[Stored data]
Content starts
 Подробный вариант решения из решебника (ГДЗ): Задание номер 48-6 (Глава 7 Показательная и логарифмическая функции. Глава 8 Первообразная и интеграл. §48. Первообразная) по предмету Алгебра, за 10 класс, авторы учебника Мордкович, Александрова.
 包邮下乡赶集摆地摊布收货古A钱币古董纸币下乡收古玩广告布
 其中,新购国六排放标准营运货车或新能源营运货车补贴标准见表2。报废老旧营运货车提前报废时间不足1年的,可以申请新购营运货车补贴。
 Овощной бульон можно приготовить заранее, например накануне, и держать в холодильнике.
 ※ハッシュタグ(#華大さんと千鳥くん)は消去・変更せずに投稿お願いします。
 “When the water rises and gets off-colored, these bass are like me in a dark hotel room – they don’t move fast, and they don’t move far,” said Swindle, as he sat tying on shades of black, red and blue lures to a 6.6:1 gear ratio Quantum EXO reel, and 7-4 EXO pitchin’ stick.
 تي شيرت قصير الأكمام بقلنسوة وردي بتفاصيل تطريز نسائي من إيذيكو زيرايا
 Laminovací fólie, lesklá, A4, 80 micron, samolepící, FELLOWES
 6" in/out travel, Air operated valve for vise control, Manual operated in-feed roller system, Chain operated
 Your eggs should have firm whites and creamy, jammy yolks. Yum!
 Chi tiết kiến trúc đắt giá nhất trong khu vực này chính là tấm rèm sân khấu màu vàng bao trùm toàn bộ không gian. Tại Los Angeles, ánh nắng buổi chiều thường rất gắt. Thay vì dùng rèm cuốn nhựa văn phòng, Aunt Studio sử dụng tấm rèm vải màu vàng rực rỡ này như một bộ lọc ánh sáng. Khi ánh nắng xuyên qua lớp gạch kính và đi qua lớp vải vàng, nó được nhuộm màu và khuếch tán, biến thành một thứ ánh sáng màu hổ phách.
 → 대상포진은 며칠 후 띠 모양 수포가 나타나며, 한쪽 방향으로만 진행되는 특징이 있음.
Content ends
** DIRECTIONS FOR THIS TASK **
Give back exactly the lines from the first line of the records through the line holding "其中,新购国六排放标准营运货", including both of those lines and leaving out all others.

** ANSWER SECTION **
 Подробный вариант решения из решебника (ГДЗ): Задание номер 48-6 (Глава 7 Показательная и логарифмическая функции. Глава 8 Первообразная и интеграл. §48. Первообразная) по предмету Алгебра, за 10 класс, авторы учебника Мордкович, Александрова.
 包邮下乡赶集摆地摊布收货古A钱币古董纸币下乡收古玩广告布
 其中,新购国六排放标准营运货车或新能源营运货车补贴标准见表2。报废老旧营运货车提前报废时间不足1年的,可以申请新购营运货车补贴。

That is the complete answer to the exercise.